For MIG on steel, 75% argon / 25% CO2 is king great penetration, low spatter. Short-arc MIG on thin stuff? 90/10 argon-CO2. Aluminum MIG? Straight argon, like TIG.
| Welding Type | Best Gas for Steel | Best Gas for Aluminum | Best Gas for Stainless |
|---|---|---|---|
| TIG | 100% Argon | 100% Argon (or +Helium) | 100% Argon (+2% H2 optional) |
| MIG | 75/25 Ar/CO2 | 100% Argon | 90/10 Ar/CO2 or Tri-mix |
Other Welding Gases and When to Use Them
CO2: Pure for cheap MIG on carbon steel. Deep penetration but spattery great for thick plates, not thin sheets.
Helium: Hotter arc for TIG on copper or nickel. Pricey, but unbeatable for heavy aluminum.
Argon/Helium/CO2 Tri-Mix: MIG on stainless, balances penetration and stability.
Cylinder sizes matter: Rent 20-80 cu ft tanks. Regulators with flowmeters keep it steady.
Safety Tips and Cost-Saving Hacks
Gases aren't free argon runs $20-50 per fill. Leak-test hoses with soapy water. Store upright, chained. CO2 is non-flammable but can freeze skin, wear gloves.

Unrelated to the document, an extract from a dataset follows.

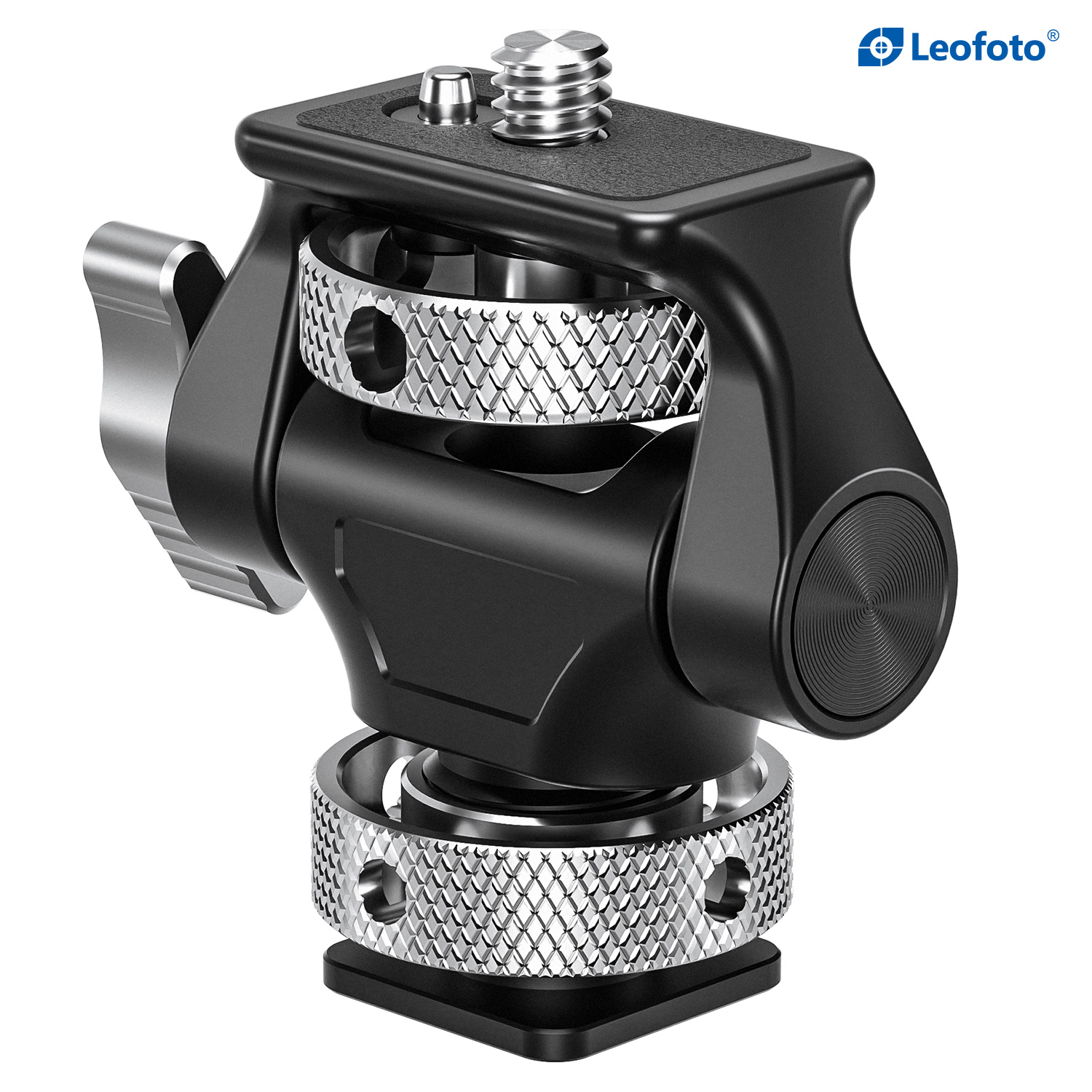 Mount any 5 or 7″ monitor with a 1/4″-20 mounting thread on your camera with the Leofoto FM-04 Swivel and Tilt Adjustable Monitor Mount | Coldshoe. This adjustable mount easily attaches to your camera rig using a cold shoe. It swivels 360°, tilts 180°, and is lockable in any position to establish the best possible viewing angle.
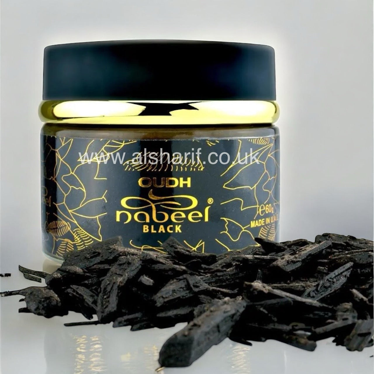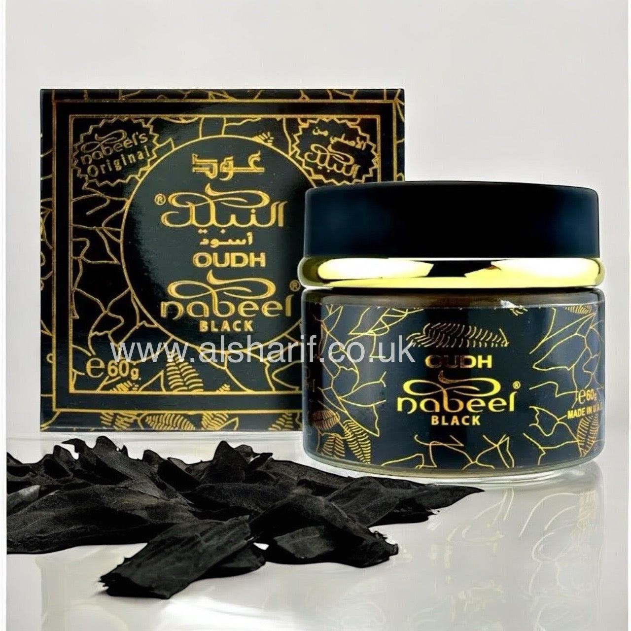 Oudh Nabeel Black 60g is a premium incense blend designed to create a rich and inviting atmosphere. Featuring a unique fusion of citrus, floral, and herbal notes with deep musky and woody undertones, this bakhoor enhances your surroundings with its sophisticated and long-lasting fragrance. Whether used for relaxation or special gatherings, it transforms any space into an oasis of luxury and warmth.

Hack: Draft-proof your shop to cut flow rates 20%. Clean metals reduce gas needs too.
Common Mistakes and Fixes
Newbies overdo flow, wasting $100s yearly. Undercut? Up your argon purity. Porosity on aluminum? Check for moisture dry your gun.
Pick Gas, Weld Strong
Now you know: Argon leads for "what gas is used for TIG welding," aluminum, stainless, and beyond. Match gas to metal and method for pro results every time. Start small, practice on scrap, and your welds will impress.
Grab argon from local suppliers and experiment. Welding's addictive once the gas clicks.
FAQ
Q. What gas is used for TIG welding?
Pure argon (100%) is standard for TIG welding.
Q. What gas is used for aluminum TIG welding?
100% argon, add helium for thicker pieces.
Q. What gas is used for MIG and TIG welding?
TIG: Argon. MIG: Argon/CO2 mixes for steel.
Q. What gas is used for stainless steel TIG welding?
Pure argon, sometimes with 2-5% hydrogen.